## Dataset information as per Kaggle (https://www.kaggle.com/competitions/icr-identify-age-related-conditions/data)

1. **train.csv** - The training set.
   * `Id` Unique identifier for each observation.
   * `AB-GL` Fifty-six anonymized health characteristics. All are numeric except for EJ, which is categorical.
   * `Class` A binary target: 1 indicates the subject has been diagnosed with one of the three conditions, 0 indicates they have not.
2. **test.csv** - The test set. Your goal is to predict the probability that a subject in this set belongs to each of the two classes.
3. **greeks.csv** - Supplemental metadata, only available for the training set.
   * `Alpha` Identifies the type of age-related condition, if present.
     * `A` No age-related condition. Corresponds to class 0.
     * `B`, `D`, `G` The three age-related conditions.
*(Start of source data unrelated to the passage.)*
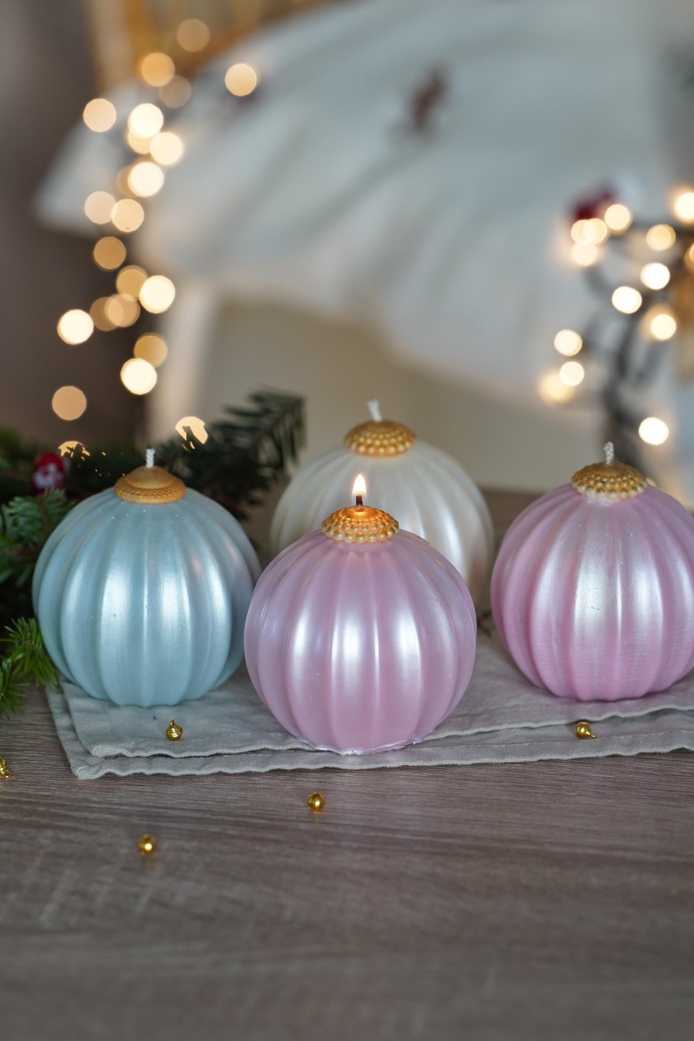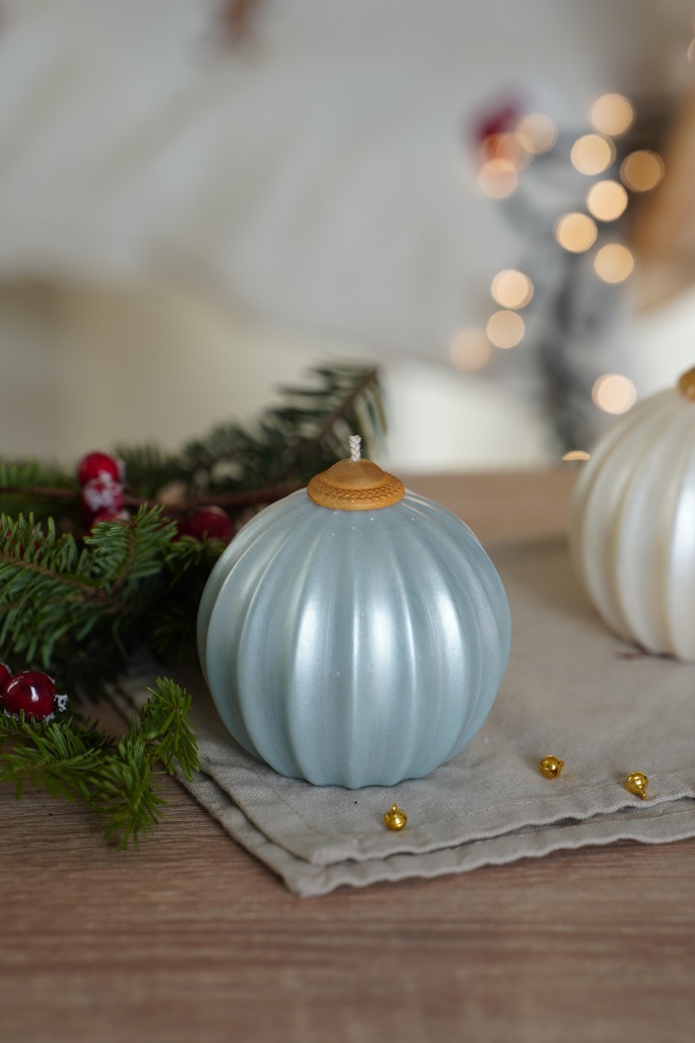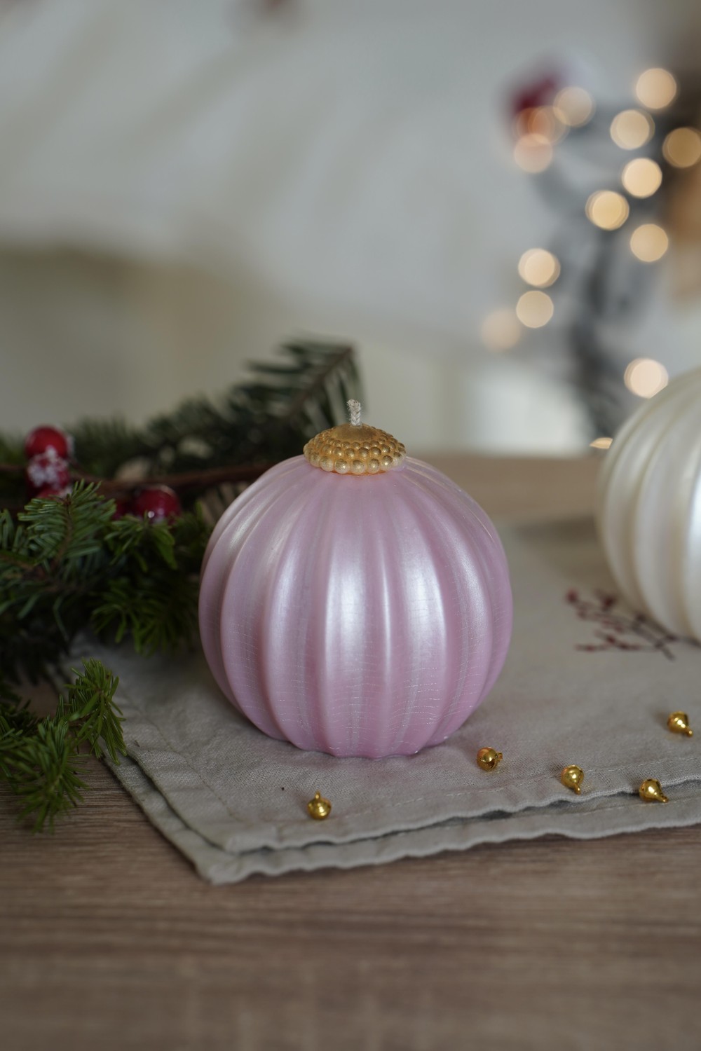 Svíčka Ozdoba Vánoc vnese do domova kouzlo zimních večerů i půvab svátečních chvil. Její tvar je inspirovaný vánoční baňkou, která připomíná dětství, teplo domova a chvíle, kdy se svět kolem zpomaluje a my nacházíme klid. Každá svíčka je ručně odlévaná ze sójového vosku a povrch svíčky je zdobený perleťovým odstínem. Svíčka Ozdoba Vánoc je dostupná ve třech odstínech – světle růžové, světle modré a bílé. Dohromady tvoří jemnou hru barev a evokující klidnou zimní krajinu.
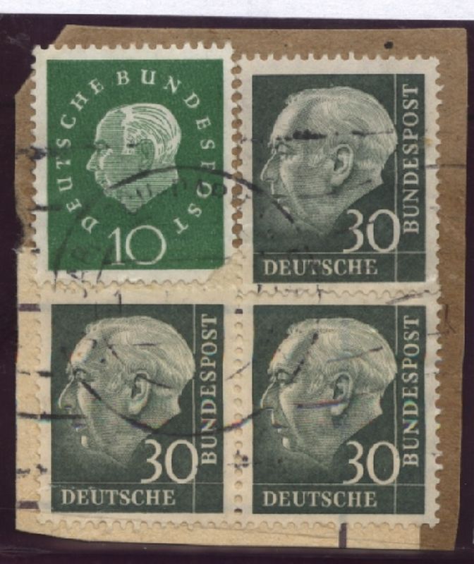 1957 Mi.Nr. 259xw , , , 30 Pfennig Heuss II und Zusatzfrankatur. Mi.(130.--)Euro.
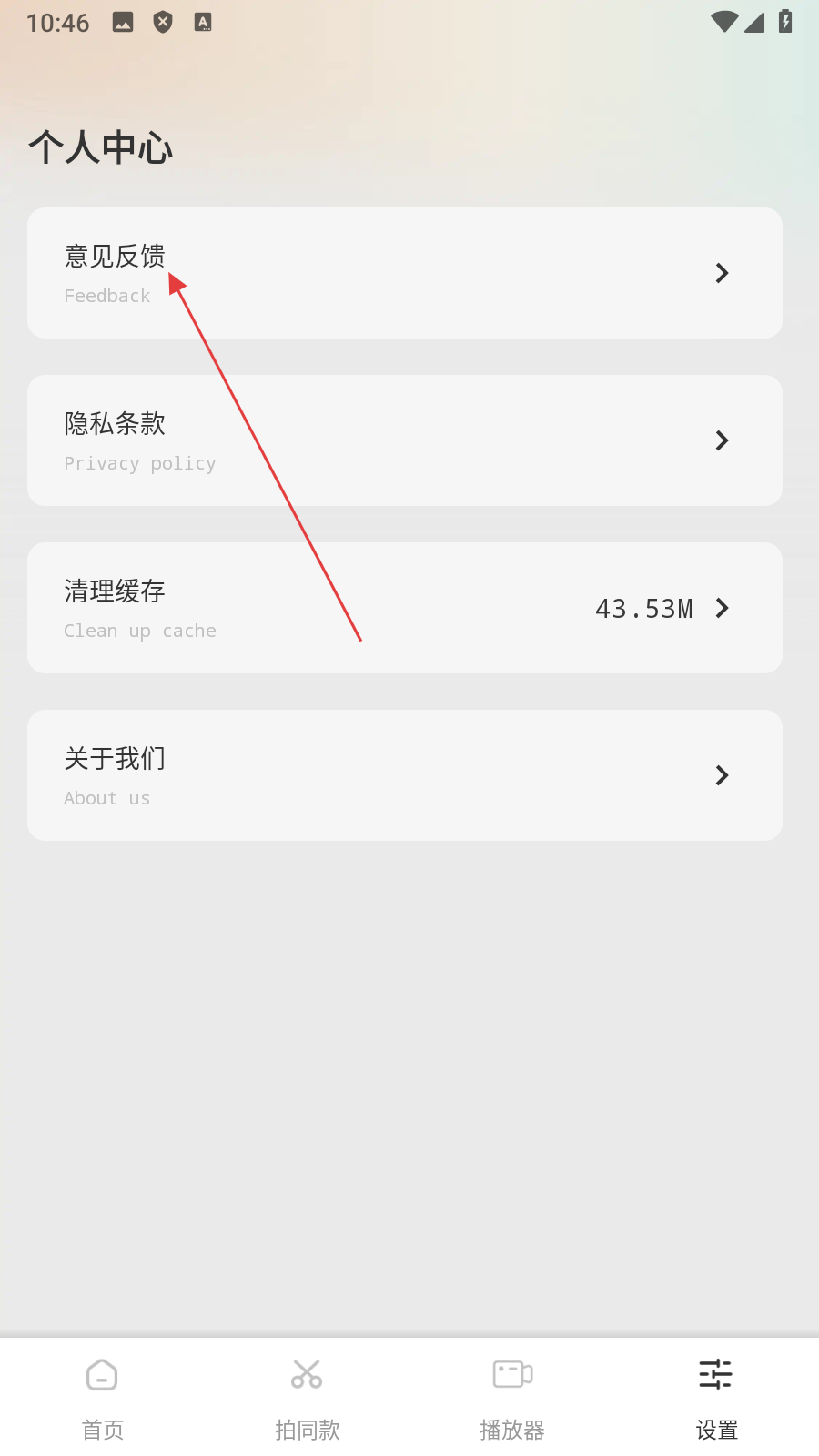 2、在个人中心页面点击【意见反馈】,进入意见反馈页面。
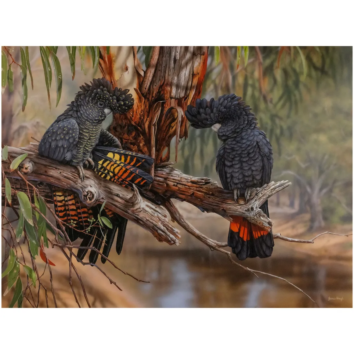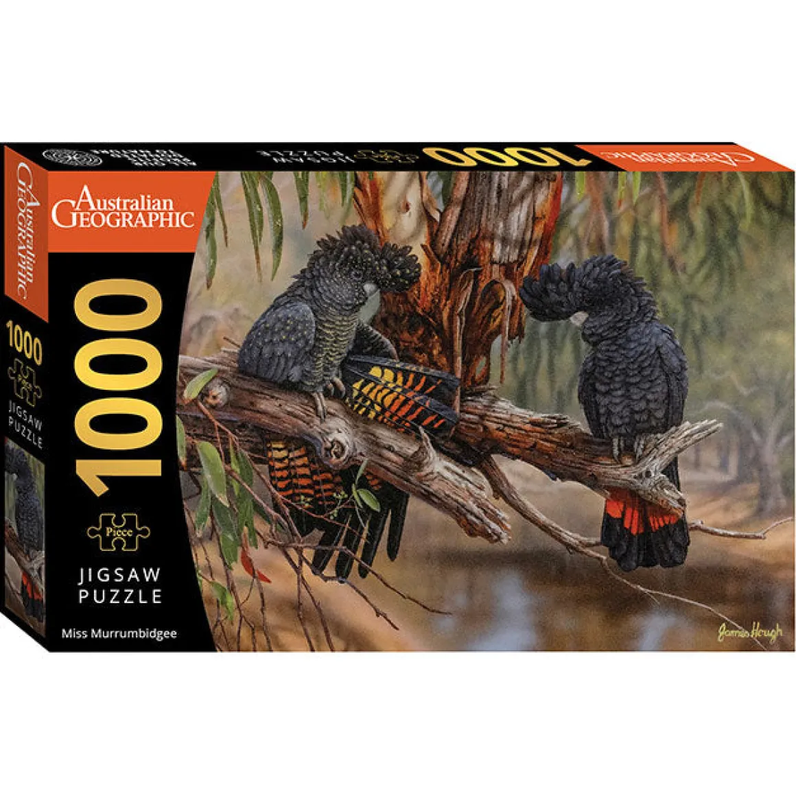 This puzzle features ‘Miss Murrumbidgee,’ a beautifully detailed image of a group of red-tailed black cockatoos, also showcased in the 2025 Australian Geographic Art Calendar.
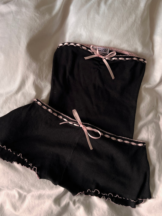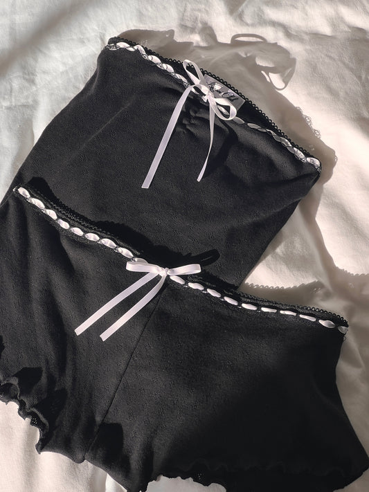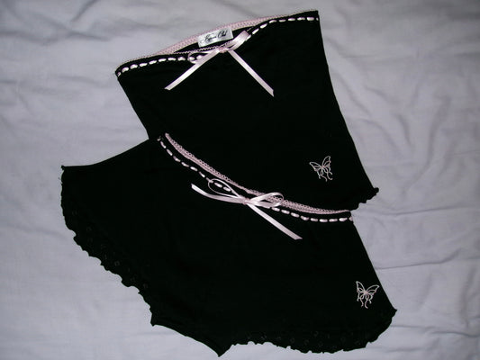 蝶々 Chouchou Butterfly and Bow Embroidered Pointelle Set Black
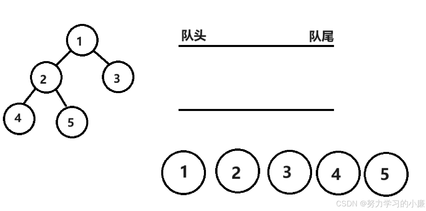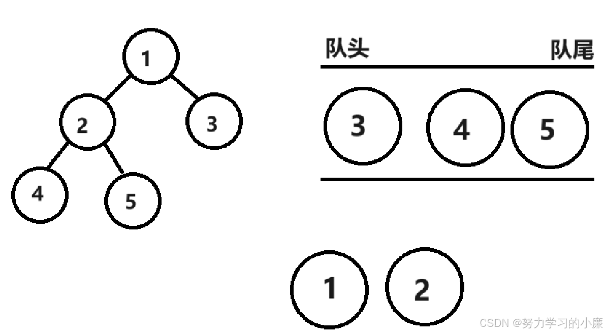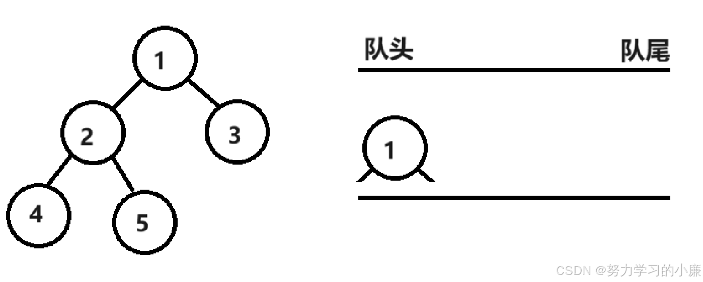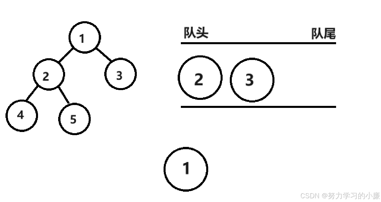 将1这个节点出队列,再把左右子节点插入到队列当中
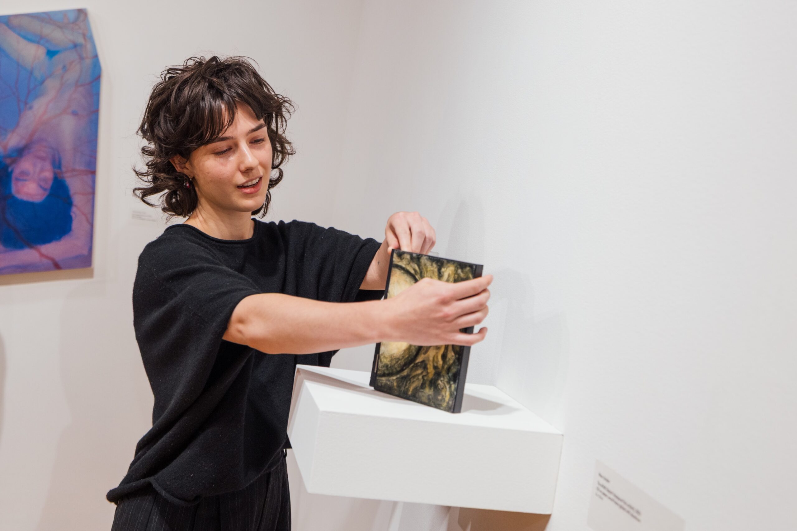 Wren Stryker, BFA History of Art and Design ’26, exhibited their piece The AFAB Diptych (Assigned Fish at Birth) (2023), a diptych altarpiece of grotesque fish women. Stryker appreciated working with the curators to represent their painting in a group exhibition context, noting how, “They put everything in conversation with each other in a representative and illuminating manner.”
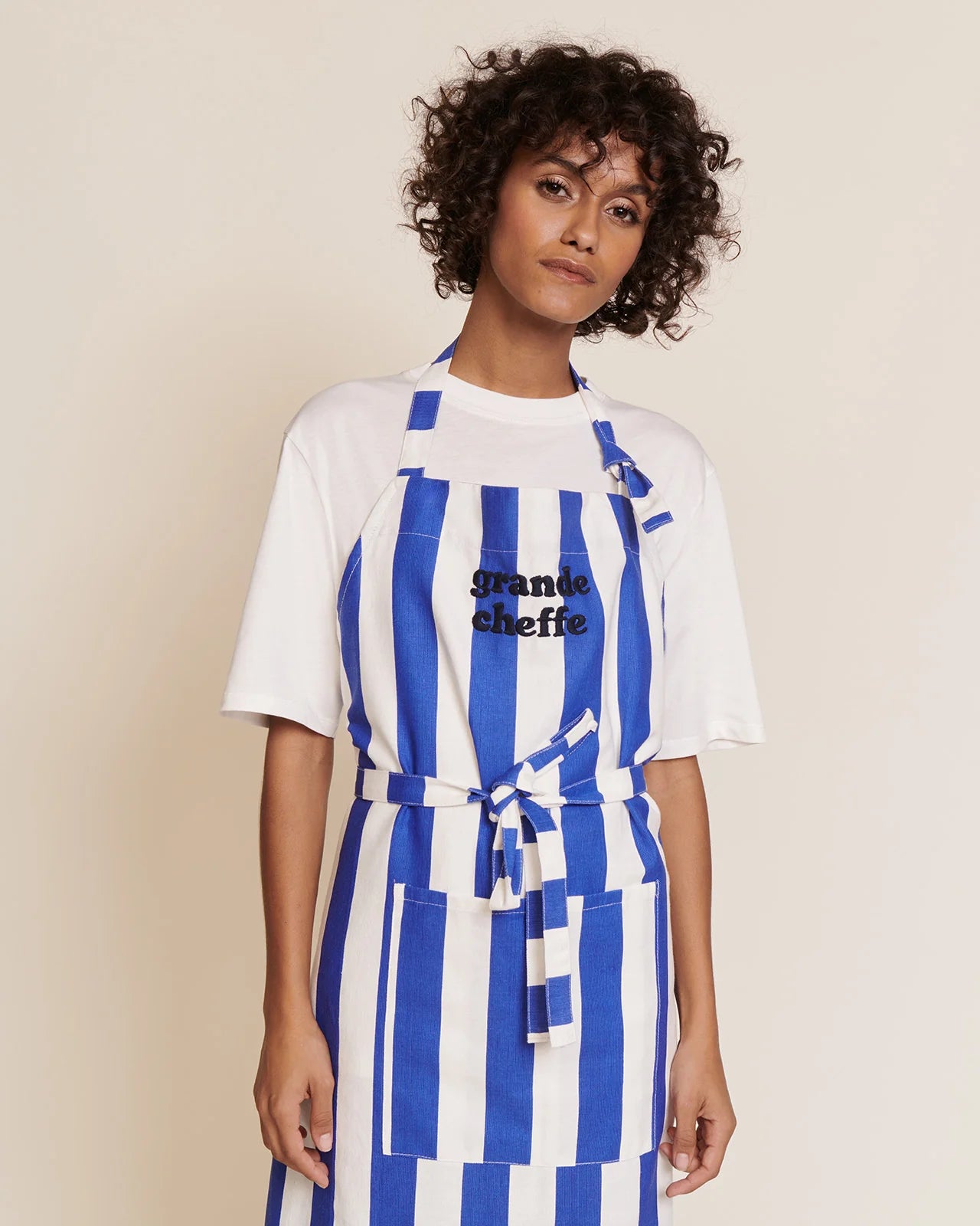Tablier Grande cheffe à rayures bleues par émoi émoi
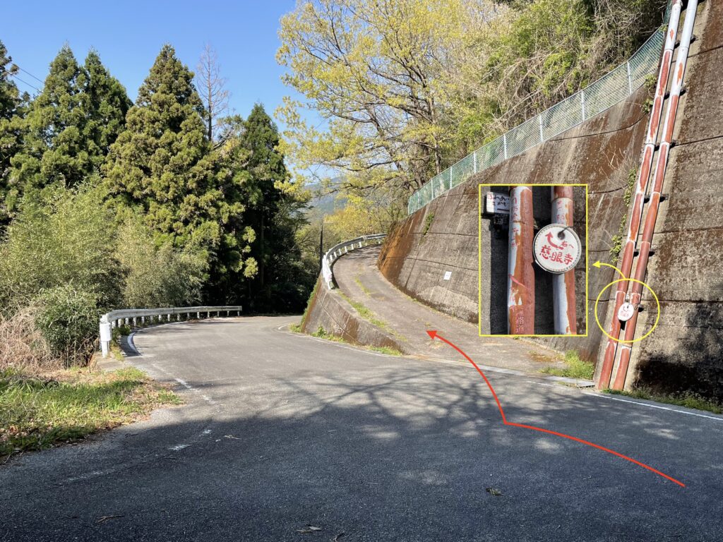 「かせ山」への道と別れてしばらくは舗装路を進む。時々現れる分岐には行きは「慈眼寺」、帰りは「さかもと」への矢印が丁寧に設置されているので、迷う心配はなさそうだ。道中には古いへんろ石や丁石もあり、ここが古来から四国巡拝の道となっていた様子が伺えた。別格二十霊場会は昭和になってから結成されたものだが、慈眼寺には昔から遍路が訪れていたということだろうか。真念さんが『四國邊路道指南みちしるべ』で八十八箇所霊場を定めた時に札所から外れてしまったのだろうか?
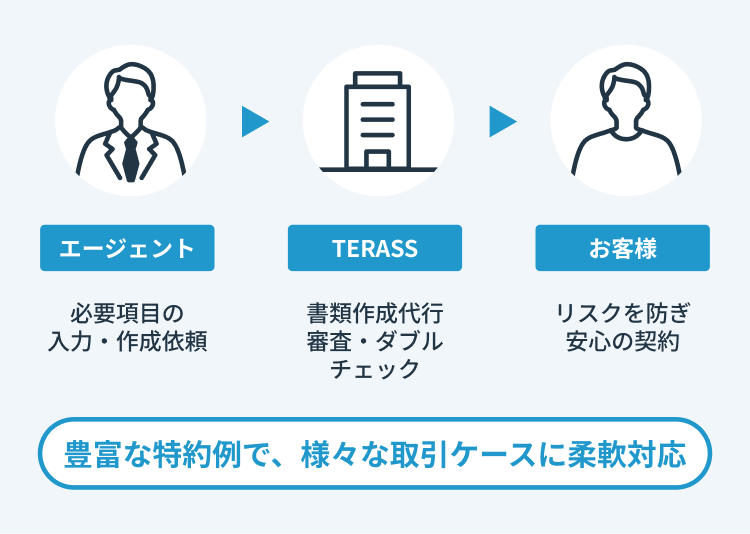 現役エージェントからも評価が高い、TERASSの「契約書・重説作成代行」。事務作業をTERASSが巻き取ることで、前職の倍以上の時間をかけてお客さまに向き合えると好評です。
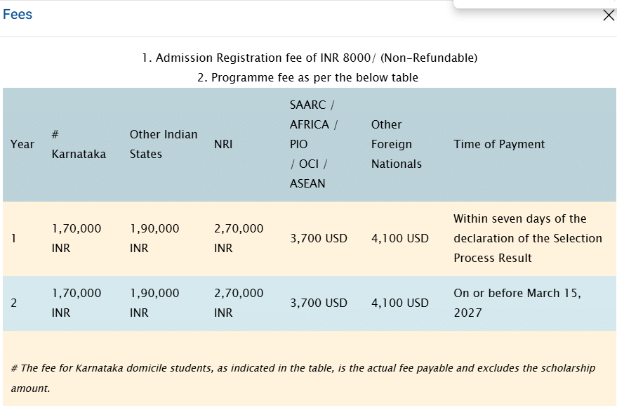 - Candidates need to pay ₹ 1.98 Lakhs in the first year.
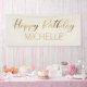 Cream and gold "Happy birthday" party banner customized with the name of the guest of honour.

Correspond to class 1.
   * `Beta`, `Gamma`, `Delta` Three experimental characteristics.
   * `Epsilon` The date the data for this subject was collected. Note that all of the data in the test set was collected after the training set was collected.

In [8]:
# standard
import pandas as pd
import numpy as np
import random
import os

# tf, keras, and sklearn
import tensorflow as tf
from tensorflow.keras.preprocessing.image import ImageDataGenerator, array_to_img, img_to_array, load_img
from keras import models
from keras import layers
from sklearn.preprocessing import StandardScaler
from sklearn.impute import KNNImputer
from sklearn.manifold import TSNE


# plots and images
import seaborn as sns
import matplotlib.pyplot as plt
from IPython.display import Image

In [9]:
greeks = pd.read_csv('../data/greeks.csv')
test = pd.read_csv('../data/test.csv')
train = pd.read_csv('../data/train.csv')

greeks.columns = map(str.lower, greeks.columns)
test.columns = map(str.lower, test.columns)
train.columns = map(str.lower, train.columns)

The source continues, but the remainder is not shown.